COLLECTED DATA:

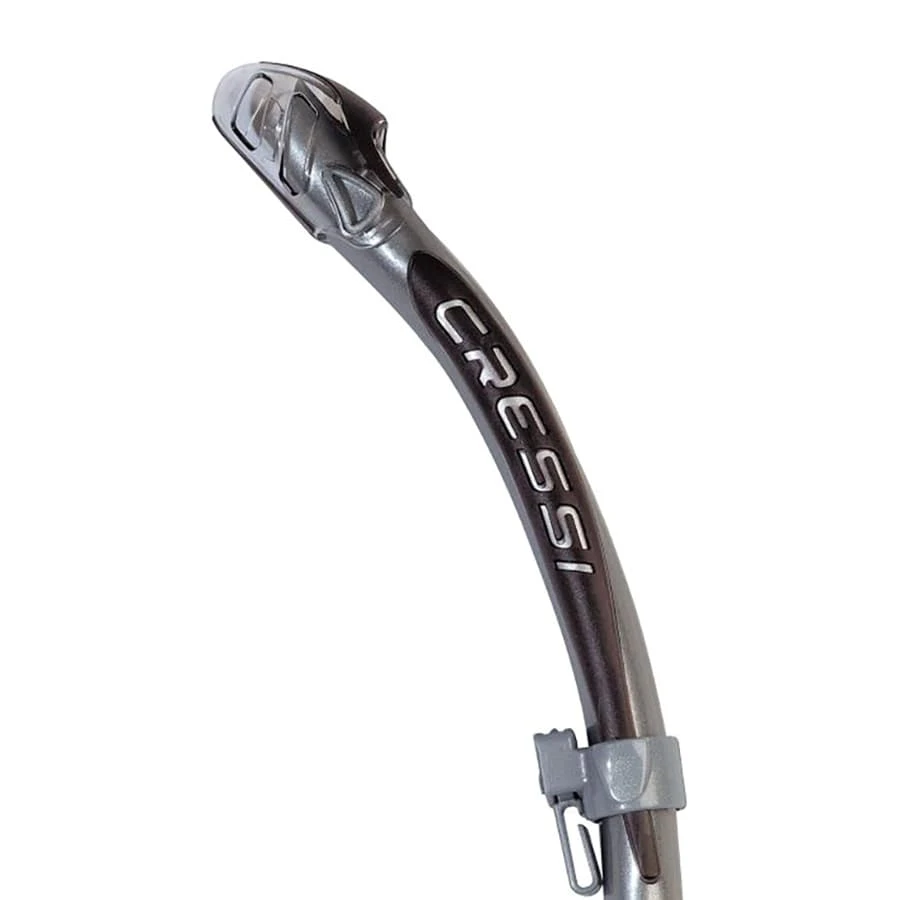 Der Schnorchel Cressi Corfu ist mit einem Spritzschutz ausgestattet, der das versehentliche Eindringen von Wasser bei Wellengang verhindert. Die Konstruktion ist so ausgelegt, dass der Luftstrom nicht beeinträchtigt wird. Der untere Teil hat eine glatte, geriffelte Innenseite aus Silikon, die dafür sorgt, dass das Mundstück immer richtig positioniert ist und den Atemregler nicht behindert, wenn er in den Mund genommen wird.
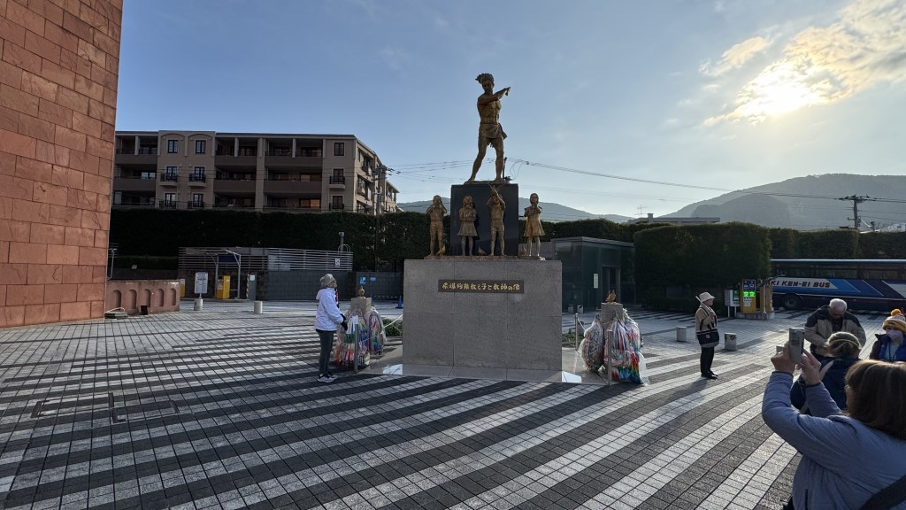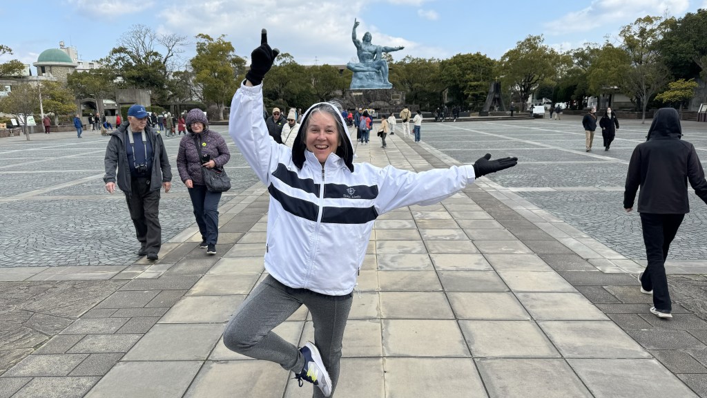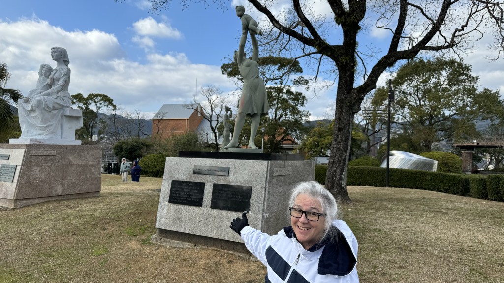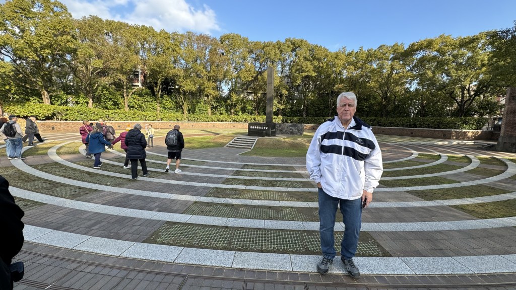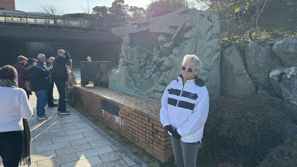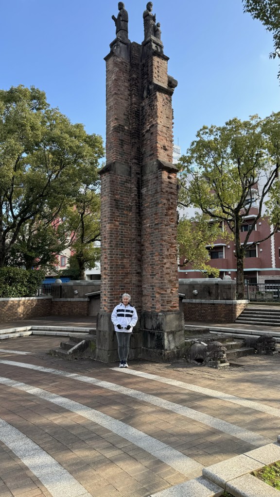 Today we arrived into Nagasaki, where the 2nd atomic bomb was dropped. After stretch class for both of us and breakfast, we left on our tour. First stop was ground zero where the bomb was dropped. The devastation was unbelievable.   Papa is at ground zero. Nana is standing next to column of the Cathedral that survived the blast.
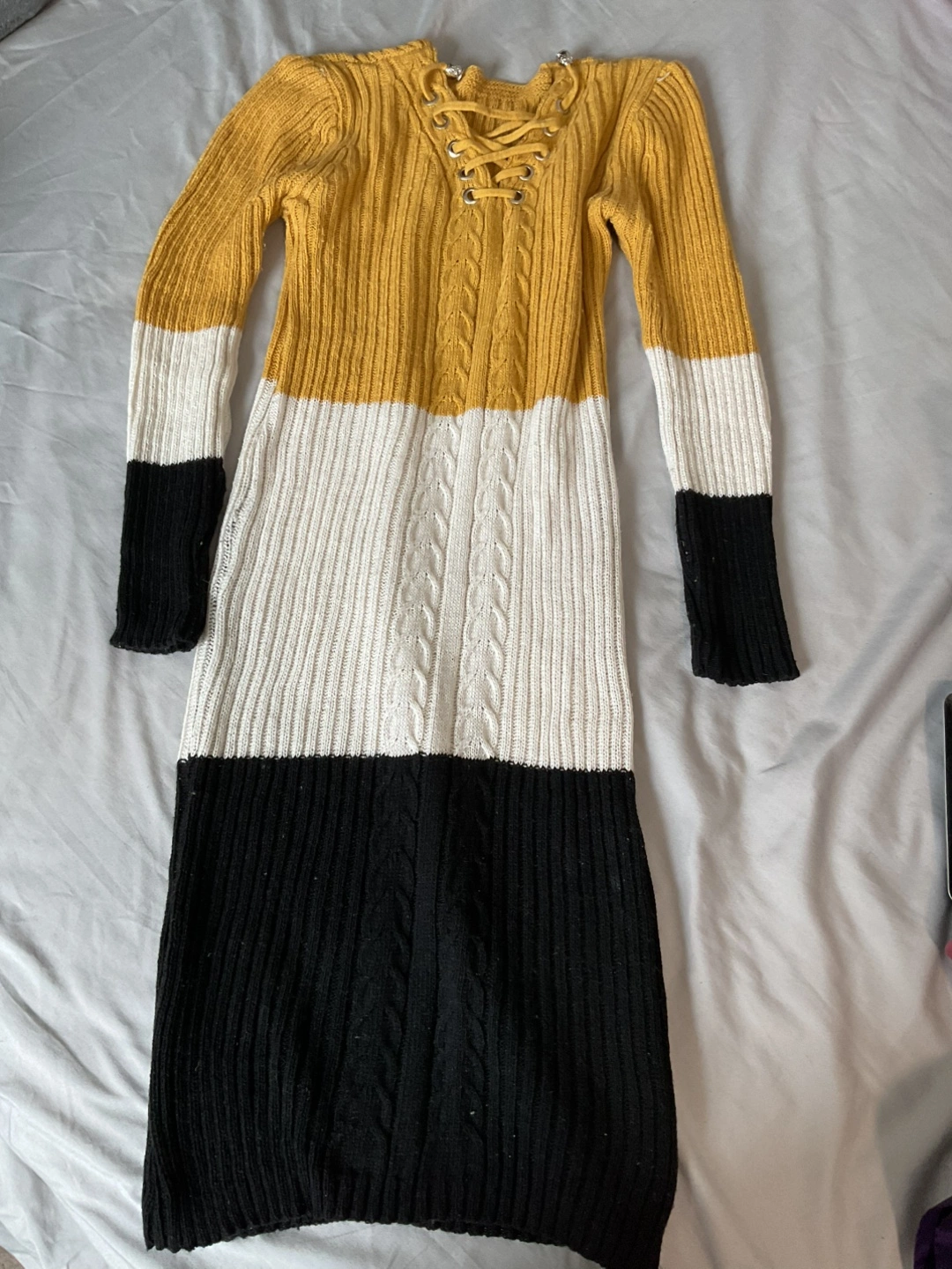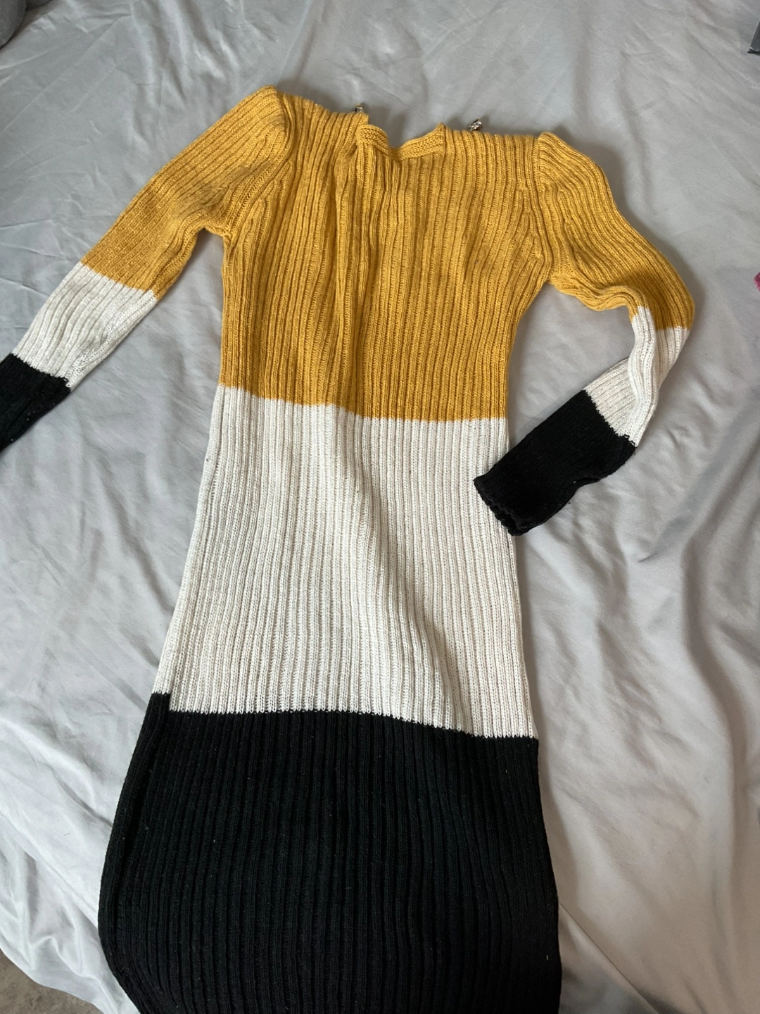 Cozy colour block knit dress in yellow, white, and black. It's a stylish and comfortable piece, perfect for adding a pop of colour to your wardrobe. The knit material makes it ideal for cooler weather
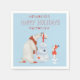 Weiße Weihnachtsszene mit großen und kleinen Eisbären, die ihren Baum schmücken. Aquarellbilder auf hellblauem Hintergrund mit rot gezeichneter "Happy Holidays"-Meldung

EXERCISE DESCRIPTION: Restate the listing word for word, pictures excluded.

RESULT OF THIS EXERCISE:
 Der Schnorchel Cressi Corfu ist mit einem Spritzschutz ausgestattet, der das versehentliche Eindringen von Wasser bei Wellengang verhindert. Die Konstruktion ist so ausgelegt, dass der Luftstrom nicht beeinträchtigt wird. Der untere Teil hat eine glatte, geriffelte Innenseite aus Silikon, die dafür sorgt, dass das Mundstück immer richtig positioniert ist und den Atemregler nicht behindert, wenn er in den Mund genommen wird.
 Today we arrived into Nagasaki, where the 2nd atomic bomb was dropped. After stretch class for both of us and breakfast, we left on our tour. First stop was ground zero where the bomb was dropped. The devastation was unbelievable.   Papa is at ground zero. Nana is standing next to column of the Cathedral that survived the blast.
 Cozy colour block knit dress in yellow, white, and black. It's a stylish and comfortable piece, perfect for adding a pop of colour to your wardrobe. The knit material makes it ideal for cooler weather
 Weiße Weihnachtsszene mit großen und kleinen Eisbären, die ihren Baum schmücken. Aquarellbilder auf hellblauem Hintergrund mit rot gezeichneter "Happy Holidays"-Meldung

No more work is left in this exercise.